Our meta-analysis that accounts for between-study heterogeneity concentrates on four common epidemic metrics that characterize the transmission of the COVID-19:
Basic reproduction number: Often referred to as R0, the basic reproduction number measures the contagiousness or transmissibility of infectious agents and is interpreted as the expected number of infections caused directly by one case in a completely susceptible population.
Incubation period: This metric is defined as the number of days between when an individual was actually infected and when this person starts to show symptoms. Understanding the incubation period of the COVID-19 is crucial as it provides guidelines on deciding a reasonable length of the quarantine period.
Serial interval: Defined as the time between the start of symptoms in the primary patient (infector) and onset of symptoms in the patient being infected by the infector (the infectee), the serial interval is critical in the calculation of R0.
Epidemic doubling time: This metric measures the period of time needed for the total number of cases in the epidemic to double, and is an important factor that reflects the speed at which the COVID-19 is spreading.
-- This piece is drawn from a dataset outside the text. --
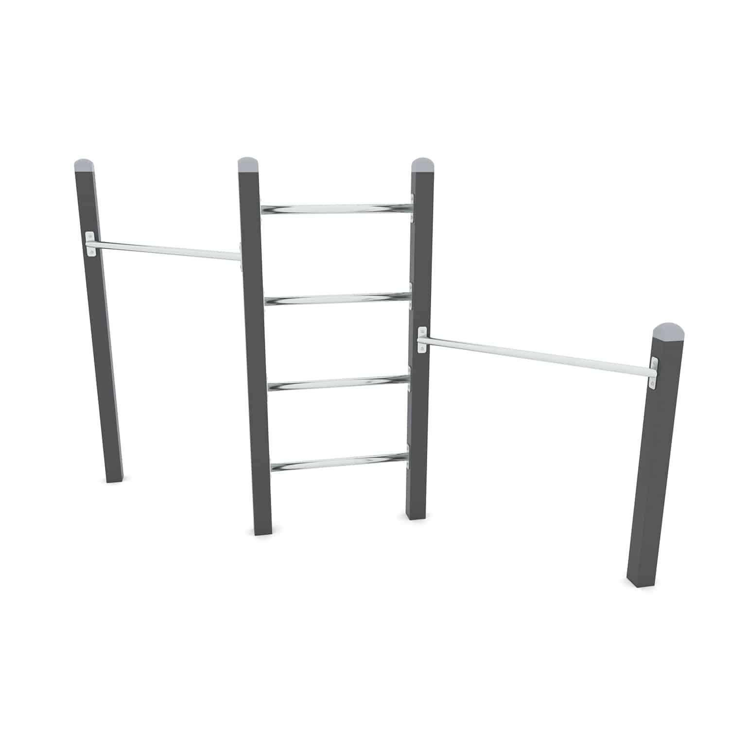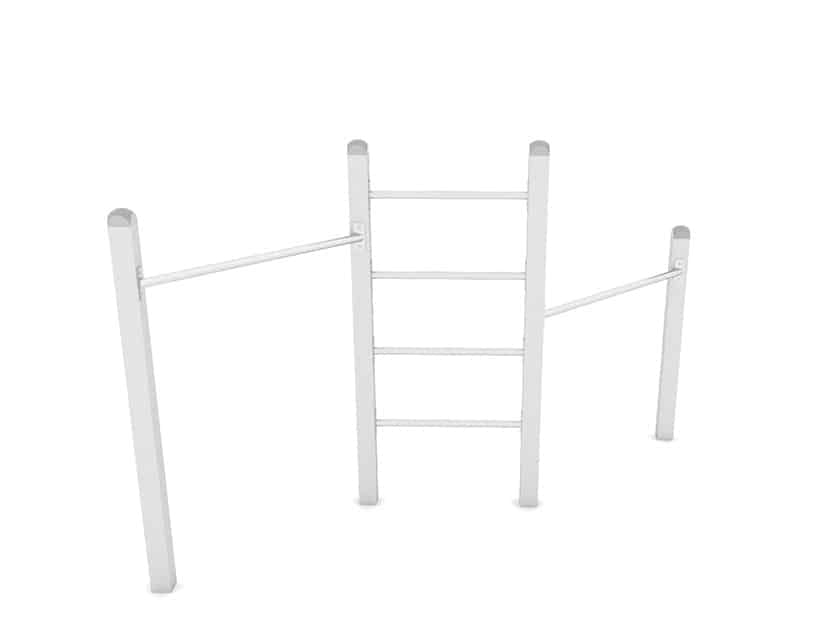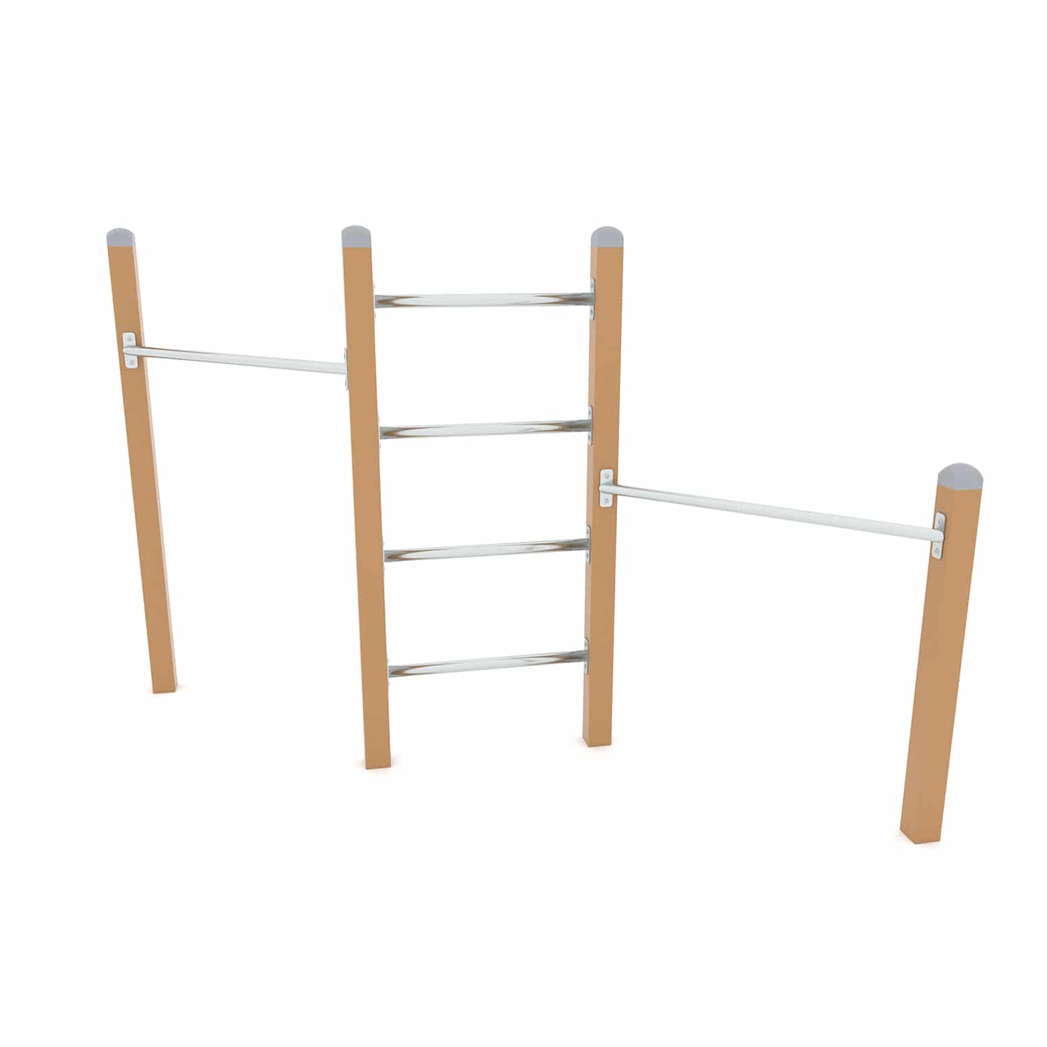 Een leuke twist aan een traditioneel duikelrek is deze uitvoering met klimsporten in het midden. Duikelstangen bevinden zich op ca. 100 en 145 cm.

The rest of this manuscript is organized as follows. We first provide details on the data collection process in Section 2. Then in Section 3, we introduce the key ingredients for a meta-analysis, where the modeling and estimation methods are outlined. Section 4 lists a detailed summary for the four epidemic metrics as given above. Statistical results from the meta-analysis are reported in Section 5, and sensitivity analysis is given in Section 6. Concluding remarks are then disclosed in Section 7.
2 Study selection
We conduct a comprehensive literature screening for the articles published on scientific journals (including early versions) or preprint platforms like medRxiv and bioRxiv. The key words of our searching are COVID-19 (SARSCoV-2 or 2019-nCOV), the epidemic characteristics of interest (basic reproduction number, incubation period, serial interval and epidemic doubling time), and China, where the selection criteria is relaxed for regional labels. Specifically, we include the studies on the whole country of China, China except for Hubei province (when the city of Wuhan is located), a list of provinces and municipalities, a collection of cities or even a specific region, in order to increase the sample size and the potential statistical power. The variability and heterogeneity across the selected studies are accounted when adopting appropriate methodologies in the meta-analysis.
In addition, we only include the studies reporting unambiguous estimates and the associated 95% confidence intervals or standard deviations. If the standard deviation of an estimator is given, we calculate the 95% confidence interval under the assumption of normal approximation provided that the fitted model is valid. This selection criterion is needed to ensure the consistency of analysis results.
Some studies included here provide more than one estimates that are obtained from various methods or models. For those studies, we select one estimate and its associated confidence interval in our analysis. We illustrate our choices and the corresponding reasons in details in Section 5.
3 Meta-analysis
Meta-analysis is a statistical procedure aiming to combine scientific results from multiple comparable studies or trials. It is one of the most popular analytical tools in the statistical analysis, which derives a pooled estimate by aggregating relevant information, thus increasing the statistical power. In particular, when comparing different studies addressing the same question, the crux is to measure the standardized difference across various results, i.e. the effect size. In this sense, we rely on meta-analysis to improve the estimates of the effect size of an intervention or an association and examine variability to detect inconsistent results across studies.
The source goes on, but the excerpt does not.